Ni a Isabel ni a su colega, Tom Graham, les había gustado trabajar con estadísticas de mortalidad para LifeDeals, y todavía menos cuando descubrieron lo que la empresa estaba haciendo con ellas. Le mencionaron sus recelos a Green, pero él contestó que no les pagaba para emitir juicios de valor ético. Sí, la idea de ganar dinero gracias al fallecimiento de la gente era repulsiva, pero pagaban bien.

—Sí, es un día maravilloso para la medicina y los gordos, pero no tanto para mis inversores —le espetó Edmund.
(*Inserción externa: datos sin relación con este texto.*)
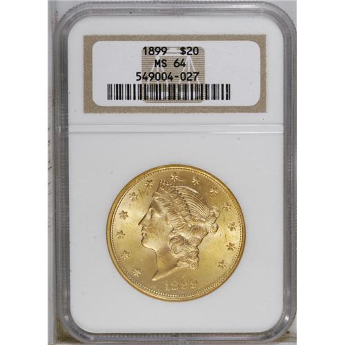 1899 $20 MS64 NGC. A gleaming yellow-gold piece that h

—Escuchad, os dimos carta blanca para que trazarais nuestros parámetros, utilizando datos actuarios y cruzándolos con nuestras proyecciones de movimiento de caja, pero no vimos información de ese tipo en ningún sitio —dijo Russell.

Edmund le concedió un gesto de asentimiento.

—Russell, incluimos el aumento de la expectativa de vida y añadimos tolerancias para desarrollos inesperados, pero con un tope del cinco por ciento —intervino Henry—. Así lo hablamos, y vosotros accedisteis. Si se va a producir un adelanto tan importante como el de los páncreas trasplantables hechos a medida a partir de la investigación con células madre o del proyecto del genoma humano, no se nos puede considerar responsables. Es imposible predecir un acontecimiento que ocurre una vez cada cien años.

—En tal caso, toda esa puta investigación estadística no sirve de nada —replicó Edmund al tiempo que alzaba las manos en señal de frustración—. Solo son pajas mentales.

—Ni hablar —dijo Isabel, que no se dejaba intimidar—. Son buenos datos teniendo en cuenta el material de partida. Si existe un cambio de paradigma, las cifras cambian y las gráficas han de adaptarse para reflejarlo. Así de sencillo.

Se encogió de hombros y se reclinó en la silla.

Tom Graham se estaba contemplando las uñas y no contestó.

—¡Se acabó! ¡Eso es lo que conseguimos! Uy, lo siento, se equivocó de número. ¡No pensamos en eso! Os pagamos para que pensarais en todo. No es que las células madre hayan caído del cielo. ¿Qué clase de empresa diriges?

—Vale, no nos pongamos nerviosos —intervino Russell—. Henry, Edmund quiere disculparse…

—Que no me pida disculpas a mí, que se las pida a ellos —dijo Henry, y señaló a Tom e Isabel. Ella fulminó a Edmund con la mirada, quien al final levantó una mano para hablar. No iba a mostrar más arrepentimiento que aquel.

—Henry, escucha, necesitamos una nueva tendencia de modelos basada en nuevos supuestos que te enviaré por correo electrónico dentro de más o menos una hora, en cuanto volvamos. Debemos saber hasta qué punto se ve afectado nuestro movimiento de caja con estos nuevos escenarios. Tendréis que hacer suposiciones, puesto que no existen datos reales disponibles. Os estaríamos muy agradecidos si pudierais hacerlo por nosotros. Y lo necesitamos enseguida. Como ya sabéis, en nuestro contrato existe una provisión…

—Sí, Russell, lo sé —interrumpió Henry—. De hecho, le he echado un vistazo a nuestro contrato mientras veníais hacia aquí. Haremos el trabajo, lo tendremos preparado mañana, lo antes posible. Como ya sabes, Russell, en el contrato existe una provisión mutua de cancelación en veinticuatro horas bajo ciertas circunstancias. Creo que estas circunstancias cubren dicha provisión de manera más que adecuada. Daos por avisados.

Más desanimados que cuando habían llegado, Edmund y Russell no tuvieron fuerzas ni para protestar. Se levantaron para marcharse.